What I want to do through is instead of ingesting all of those 10 files into a dataframe is instead select the file that matches a system date. So if I have the following files: 1) file2020/01/01 2) file2020/01/02 3) file2020/01/09 I want only the third file to be ingested. Then the next time it would select the next file that has the most current date.
I tried solving this by first getting a system date. This runs before the dataframe portion.
#Getting System Time Stamp
import datetime
date_value = datetime.datetime.now()
print(datetime.datetime.strftime(date_value,'%Y/%m/%d'))

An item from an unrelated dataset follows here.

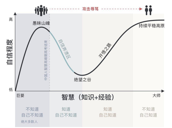 这时候,一个人就登上了所谓的愚昧之巅,站在这个山峰的人,往往会自我感觉良好,觉得人生已经到达了巅峰,可以肆意评价专家的水平和作为。

So if I run that above notebook I would have "date_value" = 2020/01/09. What I wanted to do is then concatanate that value into the "csv(path)" in the dataframe example above.
So instead of having
.csv("folder2/folder1/Intenstion_file2020*.csv")
I would have something like:
.csv(concat_ws("....file" date_value "*.csv"))
So it would automatically find the file with the date that is closest to system date.
I tried some variables of above, but I am missing the proper syntax or if what I am doing above is possible. Has anyone tried to do the above?
Any help is appreciated.
Update 01/09/2020 I updated the question to make it clearer as to what I am trying to achieve.
Upvotes: 0
Views: 474
Reputation: 9
I guess the way you are using concat_ws is wrong.
Please refer this - https://spark.apache.org/docs/2.1.0/api/python/pyspark.sql.html#pyspark.sql.functions.concat_ws
And more over you cannot concatenate a column and string. It should be two columns.
So use f.concat_ws("-", df.colA, f.lit("date_value"))
Upvotes: 0